▶ _Description of the task_
Copy exactly the lines from the start of the material through the line with "A lot of time". Pictures stay out of the copy.

▶ _Data for review_
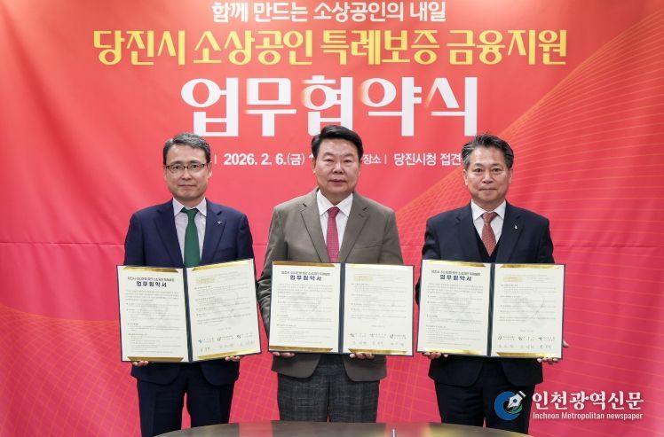 [인천광역신문] 관리자 기자 | 당진시는 6일 당진시청 접견실에서 오성환 당진시장과 함종덕 하나은행 충남북영업본부 지역대표, 조소행 충남신용보증재단 이사장이 참석한 가운데 소상공인 특례보증 금융지원을 위한 업무협약을 체결했다고 밝혔다.
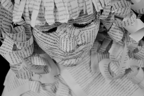 A lot of time and patience! I put a plastic bag over my head to protect my hair (Not a whole bag, otherwise i'd suffocate!) and then I covered everything in paper mache except for a small breathing hole for my nose, and a tiny slit for an eye. (both of which I photoshopped out). And as for taking the photograph, my camera was on a tripod and I used a remote control.
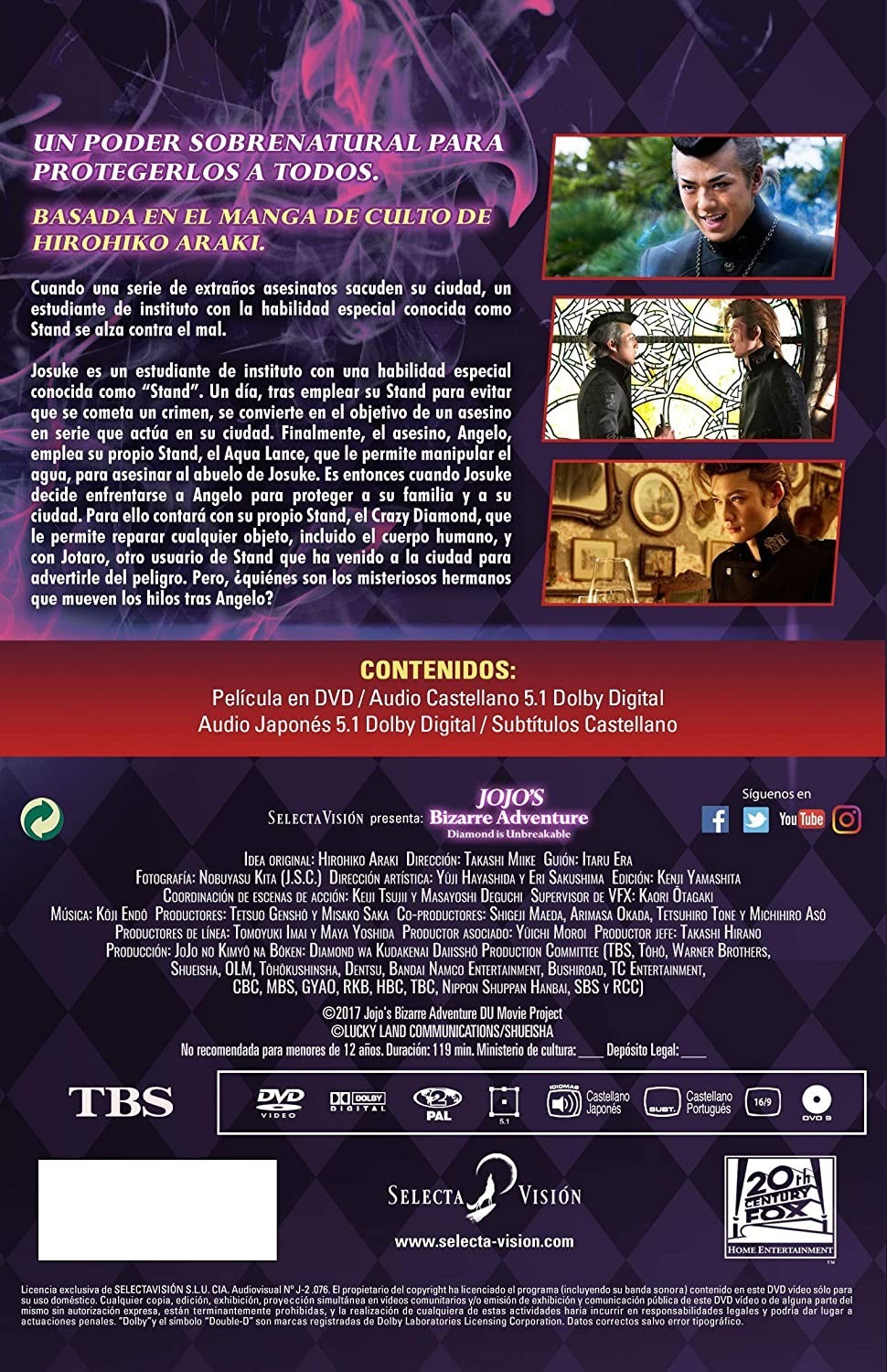 When a series of strange murders rock his city, a high school student with the special ability known as Stand stands up against evil. Josuke is a high school student with a special ability known as "Stand". One day, after using his Stand to prevent a crime from being committed, he becomes the target of a serial killer operating in his city. Finally, the assassin, Angelo, uses his own Stand, the Aqua Lance, which allows him to manipulate water, to murder Josuke's grandfather. It is then that Josuke decides to confront Angelo to protect his family and his city. To do this, he will have his own Stand, the Crazy Diamond , which allows him to repair any object, including the human body, and with Jotaro, another Stand user who has come to the city to warn him of the danger. But who are the mysterious brothers pulling the strings behind Angelo?"
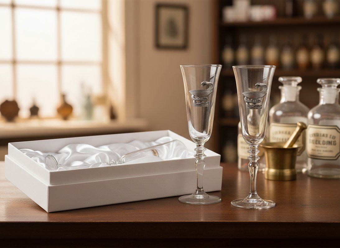 Но если забыть об этом юмористическом отступлении, то стоит обратить внимание на оригинальный дизайн и примечательную его деталь. Это оловянная накладка, выполненная в форме медицинской эмблемы. Символичный знак всегда будет определяющим для людей гуманной профессии, так что бокалы украсят любой интерьер и сервировку стола.
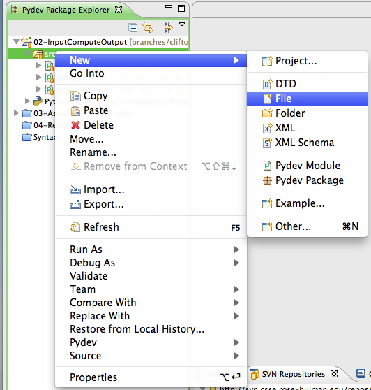 1. Right-click on the project, or folder within it, where you want to add the file. Then choose New → File as shown in this figure.
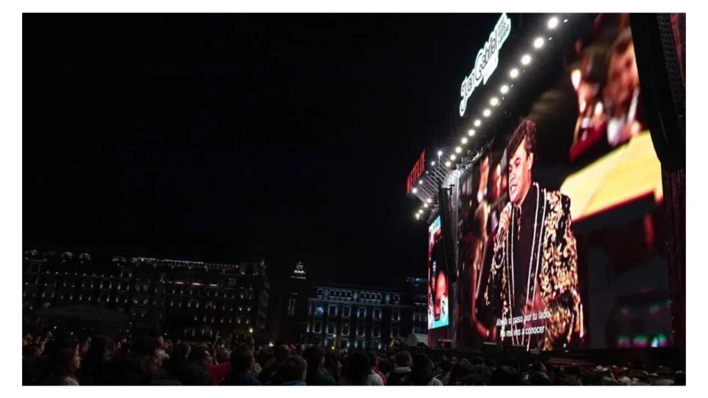 Tras la proyección, el Mariachi Estrella de América interpretó los grandes éxitos del cantante, culminando la velada con un espectáculo de pirotecnia que iluminó el cielo capitalino, sellando una noche dedicada al amor y al recuerdo de uno de los más grandes artistas de México.
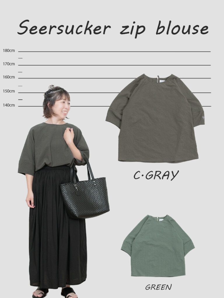 Seersucker zip blouse C.GRAYを使用したコーディネート。 STAFFつぼの 153cm
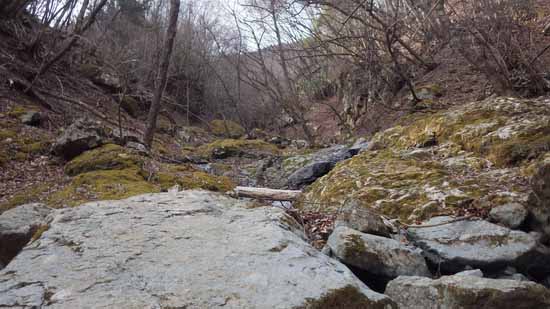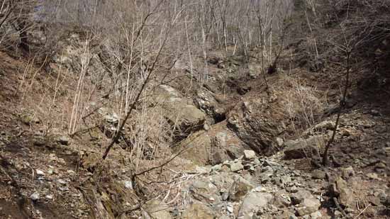 ゴロゴロとする大石が転がるが、狭い幅、左右の岸は低くて水量も少ない。少し歩くだけで尾根の稜線に出てしまうのではないか。
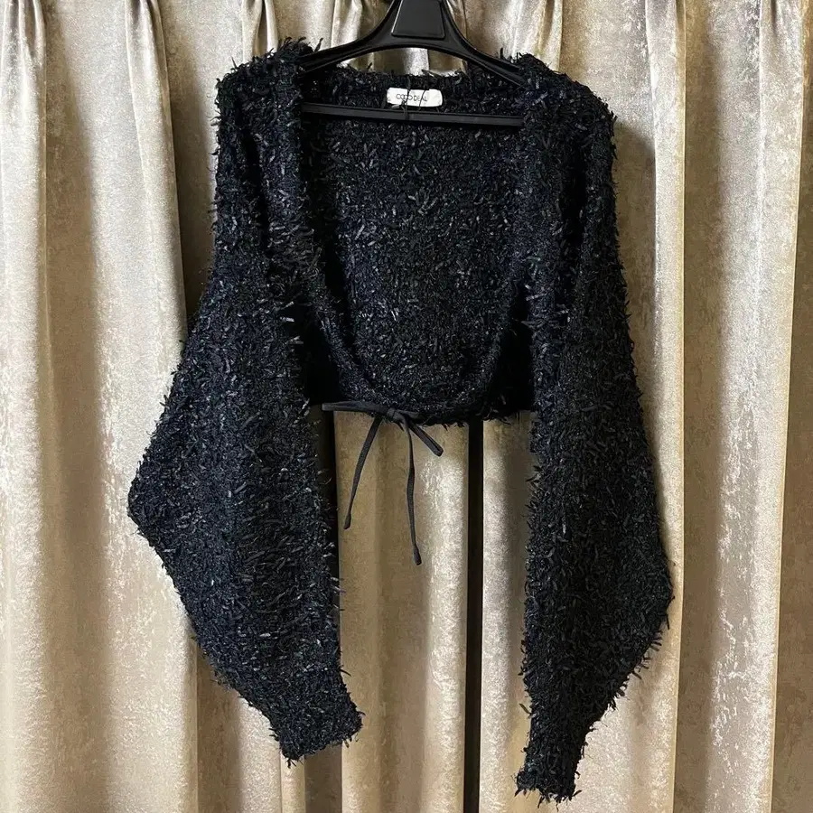 cocodeal의 퍼 느낌 텍스처와 벌룬 슬리브가 특징인 블랙 가디건. - 색상: 블랙 - 소재: 퍼 느낌 텍스처 - 디자인: 오픈 프론트, 리본 포함 - 소매 스타일: 벌룬 슬리브 방문해 주셔서 감사합니다. 사이즈 - L
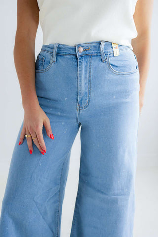 HIGH WASITED WIDE LEG W PAINT SPLATTER DETAIL
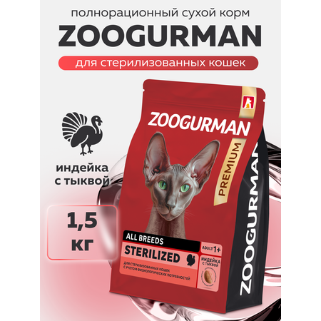 Полнорационный сухой корм для взрослых стерилизованных кошек всех пород ZOOGURMAN RED Индейка с тыквой 1,5 кг
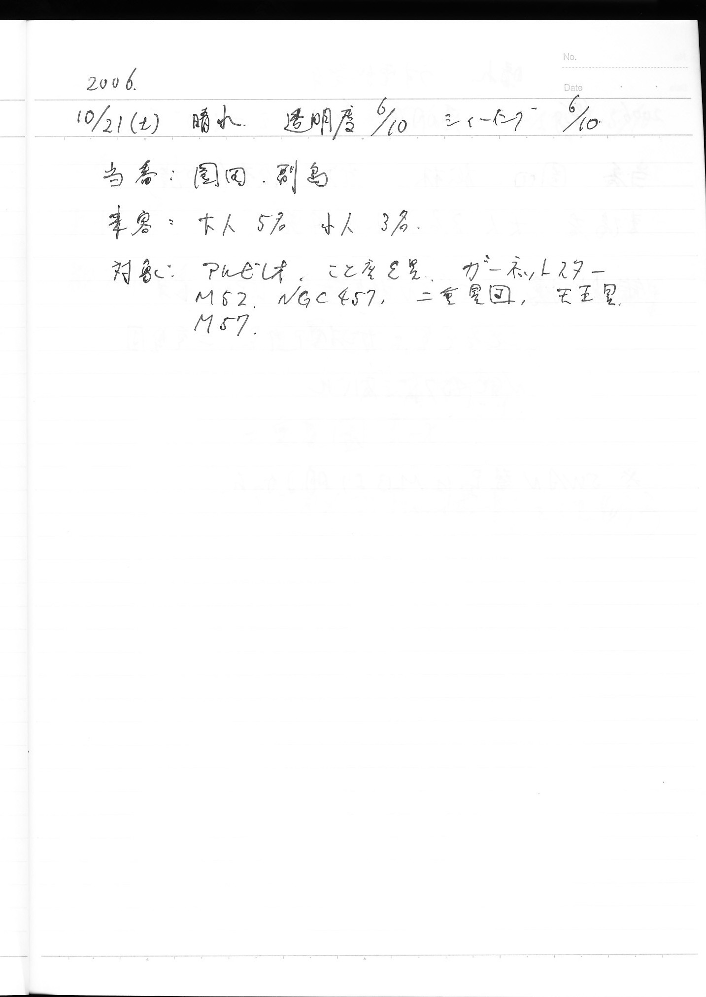 | 10月 | 7日(土) | 天体観望会 | 西与賀コミニュティーセンター | 記録ノート画像⇒ 1 山口、鶴田 | |
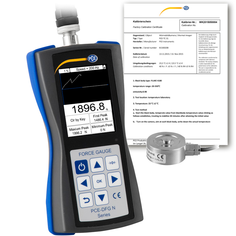 PCE DFG NF 2K-ICA Force Gauge (0~2 kN; 0,2 N; ISO Calibration Cert.)

▶ _Answer_
 [인천광역신문] 관리자 기자 | 당진시는 6일 당진시청 접견실에서 오성환 당진시장과 함종덕 하나은행 충남북영업본부 지역대표, 조소행 충남신용보증재단 이사장이 참석한 가운데 소상공인 특례보증 금융지원을 위한 업무협약을 체결했다고 밝혔다.
 A lot of time and patience! I put a plastic bag over my head to protect my hair (Not a whole bag, otherwise i'd suffocate!) and then I covered everything in paper mache except for a small breathing hole for my nose, and a tiny slit for an eye. (both of which I photoshopped out). And as for taking the photograph, my camera was on a tripod and I used a remote control.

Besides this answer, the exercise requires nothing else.